The schools have already been shut for one week, so this crisis is starting to make people very anxious about how long the lockdown could last. Among the few people out on the street, many are walking their dog or pushing a shopping trolley — two of the activities that are exempt from the government order to stay indoors.
But there are gestures of solidarity, like the applause given daily by residents from their balconies to thank the doctors and nurses who are fighting the coronavirus.
You’ve written that Spain’s fractured politics have complicated the government’s response to the virus. Do you expect to see less arguing, and more unity, as the crisis escalates?
Last weekend, when Prime Minister Pedro Sánchez announced a state of emergency, he got some scathing criticism from opposition parties for having responded too late. The crisis has also fueled territorial tensions, particularly since health care is one of the policy areas that is managed by regional administrations rather than the central government. Both Catalan and Basque politicians (who are from regions where there have been strong independence movements) have been warning Mr. Sánchez against reducing their powers.
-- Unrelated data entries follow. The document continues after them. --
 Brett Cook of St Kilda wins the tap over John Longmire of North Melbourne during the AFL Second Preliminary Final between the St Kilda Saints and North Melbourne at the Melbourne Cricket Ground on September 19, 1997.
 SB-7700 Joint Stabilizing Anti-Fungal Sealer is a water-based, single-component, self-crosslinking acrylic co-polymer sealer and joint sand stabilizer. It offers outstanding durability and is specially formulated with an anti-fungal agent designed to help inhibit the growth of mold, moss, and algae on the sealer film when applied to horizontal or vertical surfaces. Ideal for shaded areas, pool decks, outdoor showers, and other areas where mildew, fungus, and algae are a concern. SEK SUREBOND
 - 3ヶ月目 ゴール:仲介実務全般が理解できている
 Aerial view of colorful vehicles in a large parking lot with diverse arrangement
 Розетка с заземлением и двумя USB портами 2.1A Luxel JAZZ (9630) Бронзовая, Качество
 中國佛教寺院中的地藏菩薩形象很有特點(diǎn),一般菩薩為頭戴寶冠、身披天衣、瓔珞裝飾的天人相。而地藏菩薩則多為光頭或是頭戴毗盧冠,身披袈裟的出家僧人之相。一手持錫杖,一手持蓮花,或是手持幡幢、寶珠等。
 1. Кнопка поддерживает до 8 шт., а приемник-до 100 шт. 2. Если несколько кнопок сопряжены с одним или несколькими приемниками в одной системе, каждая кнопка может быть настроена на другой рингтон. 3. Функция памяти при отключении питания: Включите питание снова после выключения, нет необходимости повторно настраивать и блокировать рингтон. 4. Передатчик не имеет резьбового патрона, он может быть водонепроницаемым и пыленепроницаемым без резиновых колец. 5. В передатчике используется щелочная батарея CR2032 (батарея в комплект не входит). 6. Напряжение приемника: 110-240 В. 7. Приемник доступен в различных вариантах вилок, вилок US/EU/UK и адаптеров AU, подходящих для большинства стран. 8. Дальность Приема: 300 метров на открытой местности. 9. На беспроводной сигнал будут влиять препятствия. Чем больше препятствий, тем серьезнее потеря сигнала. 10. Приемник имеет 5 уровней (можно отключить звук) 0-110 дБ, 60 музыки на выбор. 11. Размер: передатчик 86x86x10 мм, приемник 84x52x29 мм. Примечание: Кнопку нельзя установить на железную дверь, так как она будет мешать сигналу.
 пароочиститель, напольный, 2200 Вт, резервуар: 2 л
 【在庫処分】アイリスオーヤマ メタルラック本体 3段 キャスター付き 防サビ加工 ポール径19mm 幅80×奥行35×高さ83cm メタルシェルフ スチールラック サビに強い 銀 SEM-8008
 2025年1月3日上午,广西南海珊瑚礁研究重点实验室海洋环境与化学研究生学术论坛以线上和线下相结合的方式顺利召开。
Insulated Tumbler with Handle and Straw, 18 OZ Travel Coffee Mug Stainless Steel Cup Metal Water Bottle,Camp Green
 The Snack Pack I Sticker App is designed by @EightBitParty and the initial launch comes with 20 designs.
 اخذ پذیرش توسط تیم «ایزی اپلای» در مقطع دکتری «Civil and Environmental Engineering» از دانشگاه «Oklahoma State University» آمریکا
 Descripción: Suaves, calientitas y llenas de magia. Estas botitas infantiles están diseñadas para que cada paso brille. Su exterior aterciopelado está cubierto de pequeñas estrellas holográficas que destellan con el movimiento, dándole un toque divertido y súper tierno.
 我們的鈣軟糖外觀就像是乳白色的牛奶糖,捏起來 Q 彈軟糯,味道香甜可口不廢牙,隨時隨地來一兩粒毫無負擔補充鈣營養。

But as the coronavirus numbers for Spain have kept climbing, politicians have mostly set aside their differences. Before the crisis, Mr. Sánchez was facing an uphill struggle to get approval for his next budget. Instead, he got broad support for a €200 billion relief package.
The question is whether this economic aid will be disbursed efficiently and fast enough. And if the lockdown doesn’t start slowing the coronavirus in Spain soon, it could put Mr. Sánchez under renewed political pressure.
That’s it for this briefing. Until Monday.